Bug 90682 - [NVE6] failed to idle channel 0xcccc0001 + crash
Summary: [NVE6] failed to idle channel 0xcccc0001 + crash
Status: NEW
Alias: None
Product: xorg
Classification: Unclassified
Component: Driver/nouveau (show other bugs)
Version: unspecified
Hardware: x86-64 (AMD64) Linux (All)
: medium normal
Assignee: Nouveau Project
QA Contact: Xorg Project Team
URL:
Whiteboard:
Keywords:
Depends on:
Blocks:
 
Reported: 2015-05-27 14:30 UTC by Thomas Stewart
Modified: 2015-05-27 16:53 UTC (History)
0 users

See Also:
i915 platform:
i915 features:


Attachments
dmesg captured with kdump (84.76 KB, text/plain)
2015-05-27 14:30 UTC, Thomas Stewart
no flags Details
Xorg.0.log with nouveau.noaccel=1 (34.39 KB, text/plain)
2015-05-27 15:48 UTC, Thomas Stewart
no flags Details
dmesg captured with kdump with video=eDP-1:d (84.99 KB, text/plain)
2015-05-27 16:50 UTC, Thomas Stewart
no flags Details
dmesg with nouveau.noaccel=1 video=eDP-1:d (82.10 KB, text/plain)
2015-05-27 16:52 UTC, Thomas Stewart
no flags Details
Xorg.0.log with nouveau.noaccel=1 video=eDP-1:d (32.01 KB, text/plain)
2015-05-27 16:53 UTC, Thomas Stewart
no flags Details

Note You need to log in before you can comment on or make changes to this bug.
Description Thomas Stewart 2015-05-27 14:30:03 UTC
Created attachment 116084 [details]
dmesg captured with kdump

Hi,

My Lenovo W540 started crashing when I upgraded from Linux 3.14 to 3.16 in Sept 2014. I continued to use 3.14 and I did nothing till last week when I tried Linux 4.0 (from sid) which kept crashing soon after logging in to GNOME 3. I EFI boot to grub and use GRUB_GFXPAYLOAD_LINUX=keep. Then use KMS and Plymouth till GDM, X.Org and GNOME3. When it crashed the mouse and keyboard no longer did anything (ie Ctrl-Alt-F1 did not work) and the laptop appeared to drop off the network. 

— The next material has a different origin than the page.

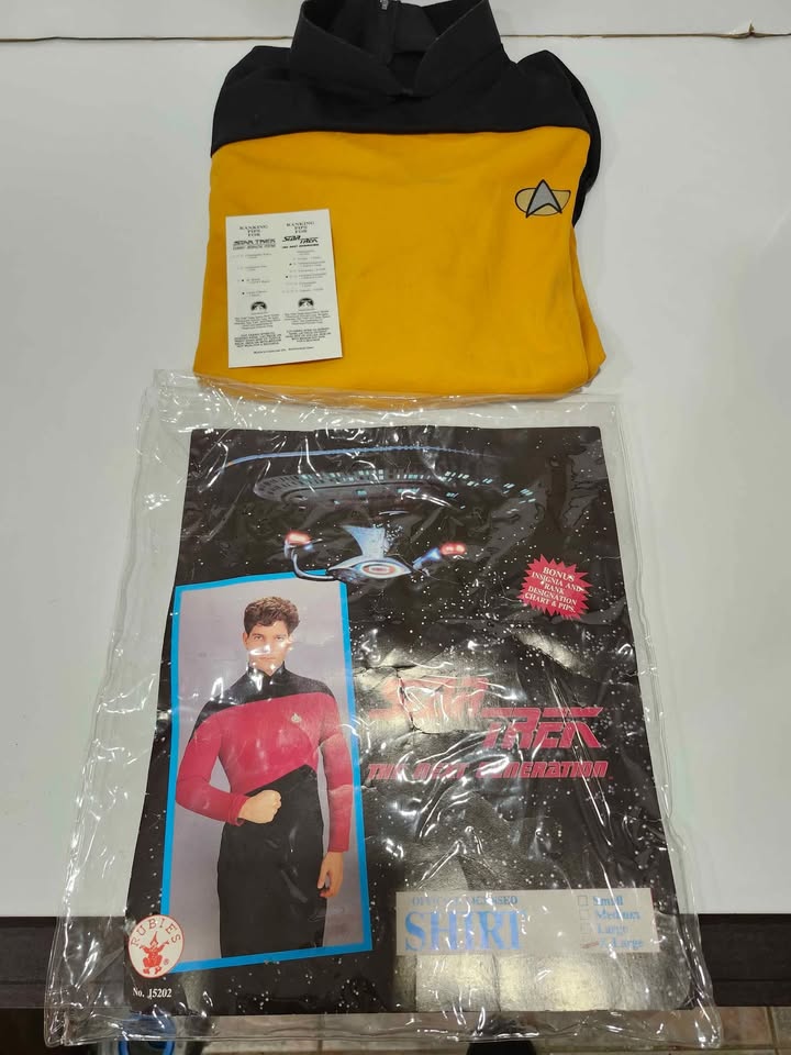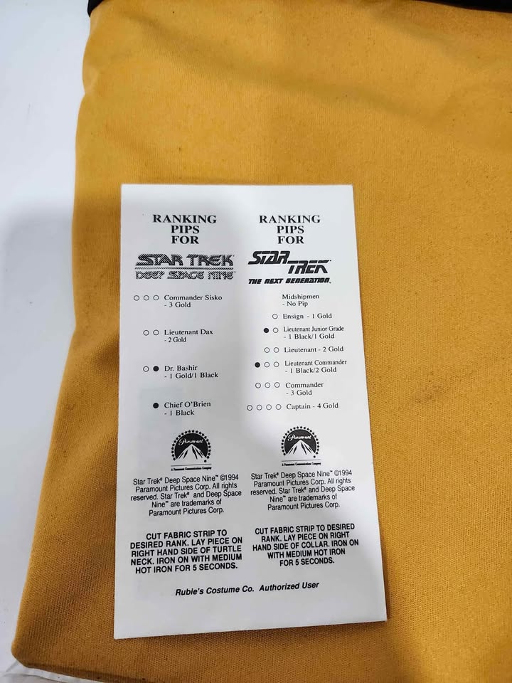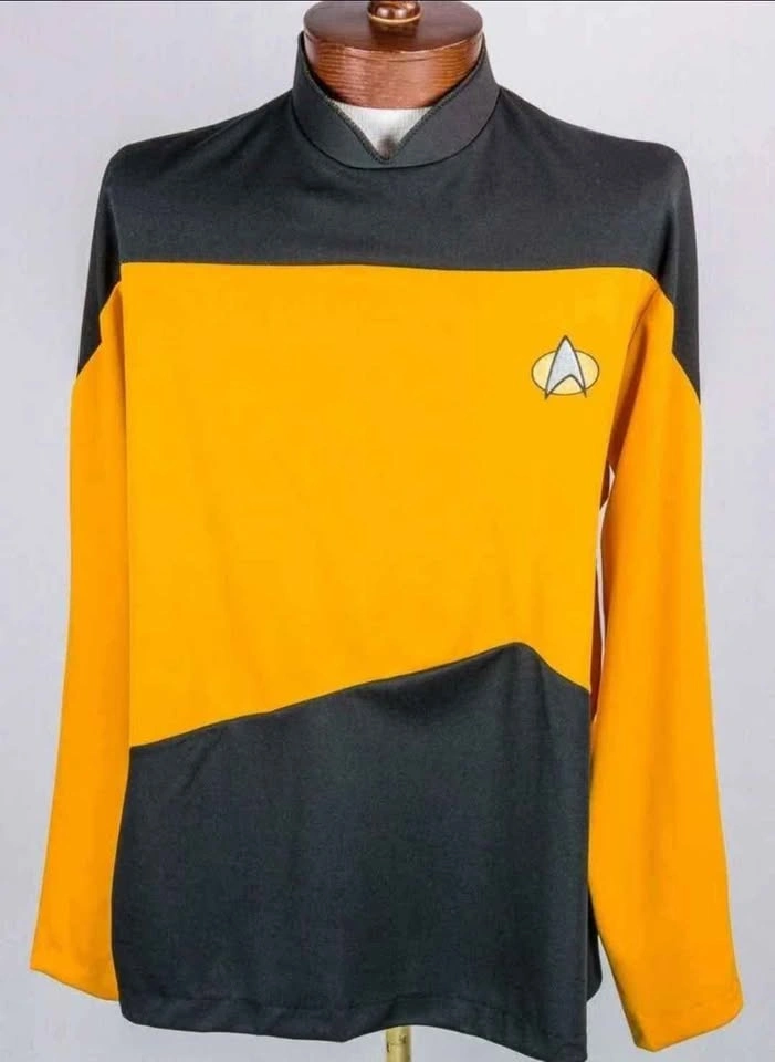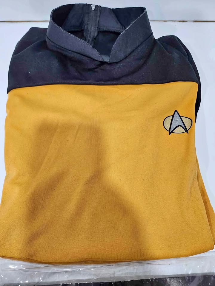 This costume is the classic mustard yellow colour with a black v-neck collar. There are gold ribbon bands around the sleeves on both arms. The Star Trek Insignia is embroidered into the left upper chest region.
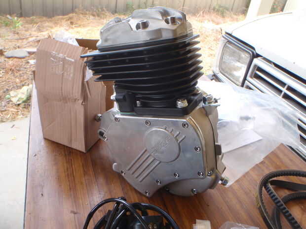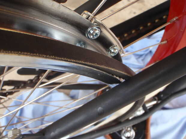 A continuación, ajuste la correa larga y vuelva a colocar la rueda, cadena y el brazo del freno.

When I boot with Linux 4.0 and login to GNOME 3, it would crash within minutes, but sometimes an hour. I manually compiled 3.15, 3.16, 3.17, 3.18, 3.19 and 4.0 which all had various issues: the external monitor resolution was broken on 3.15, 3.16 seemed ok, but 3.17, 3.18, 3.19 and 4.0 all seemed to crash soon after boot.

I used kdump to capture a dump and dmesg and there was a message about nouveau:
[   76.792370] nouveau E[     DRM] failed to idle channel 0xcccc0001 [DRM]

Then 60 microseconds later a BUG:
[   76.792430] BUG: unable to handle kernel paging request at ffff8805660b7ffc
[   76.792455] IP: [<ffffffffa0406bf3>] evo_wait+0x53/0x120 [nouveau]

After a little googling I found out about the "nouveau.runpm=0" parameter. Once I added this parameter and rebooted my laptop has worked fine with Linux 4.0. However I have not tried that parameter in any previous kernels so am unsure which release this workaround started working.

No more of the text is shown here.